Records shown
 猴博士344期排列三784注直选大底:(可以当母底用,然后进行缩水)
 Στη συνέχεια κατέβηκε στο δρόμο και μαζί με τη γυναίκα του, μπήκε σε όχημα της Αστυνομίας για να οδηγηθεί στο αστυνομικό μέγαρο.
* * *
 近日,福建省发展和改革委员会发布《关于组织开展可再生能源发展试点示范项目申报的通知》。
==
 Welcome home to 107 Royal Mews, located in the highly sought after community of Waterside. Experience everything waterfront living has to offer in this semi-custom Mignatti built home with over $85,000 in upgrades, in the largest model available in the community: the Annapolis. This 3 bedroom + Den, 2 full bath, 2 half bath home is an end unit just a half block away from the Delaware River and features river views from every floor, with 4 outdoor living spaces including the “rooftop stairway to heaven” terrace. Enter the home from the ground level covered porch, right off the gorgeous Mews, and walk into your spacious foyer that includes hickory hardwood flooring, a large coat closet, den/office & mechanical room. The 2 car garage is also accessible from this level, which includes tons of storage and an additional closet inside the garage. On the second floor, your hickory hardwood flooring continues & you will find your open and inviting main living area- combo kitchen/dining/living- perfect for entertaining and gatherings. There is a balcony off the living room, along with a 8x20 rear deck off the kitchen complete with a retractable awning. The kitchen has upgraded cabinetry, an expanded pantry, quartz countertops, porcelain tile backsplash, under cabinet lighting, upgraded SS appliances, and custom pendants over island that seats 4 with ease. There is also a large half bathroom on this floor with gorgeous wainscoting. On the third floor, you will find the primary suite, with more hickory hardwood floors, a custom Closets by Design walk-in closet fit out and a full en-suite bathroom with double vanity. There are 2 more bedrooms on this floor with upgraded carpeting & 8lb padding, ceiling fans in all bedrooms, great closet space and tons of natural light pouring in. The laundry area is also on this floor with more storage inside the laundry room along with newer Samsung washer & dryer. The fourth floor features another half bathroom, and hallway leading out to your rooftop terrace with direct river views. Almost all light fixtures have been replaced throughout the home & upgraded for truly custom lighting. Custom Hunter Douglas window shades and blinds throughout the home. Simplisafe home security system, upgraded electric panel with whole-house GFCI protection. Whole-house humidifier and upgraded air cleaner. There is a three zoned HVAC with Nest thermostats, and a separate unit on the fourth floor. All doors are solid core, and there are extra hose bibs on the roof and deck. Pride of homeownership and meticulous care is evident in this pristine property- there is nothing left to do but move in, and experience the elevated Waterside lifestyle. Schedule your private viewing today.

Problem description
Only the lines above starting with the one with "猴博士344期排列三784注直选大底:(可以当母底用,然后进行缩水)" and going through the one with "Στη συνέχεια κατέβηκε" are to be copied, word for word and with both ends kept.

Exercise answer
 猴博士344期排列三784注直选大底:(可以当母底用,然后进行缩水)
 Στη συνέχεια κατέβηκε στο δρόμο και μαζί με τη γυναίκα του, μπήκε σε όχημα της Αστυνομίας για να οδηγηθεί στο αστυνομικό μέγαρο.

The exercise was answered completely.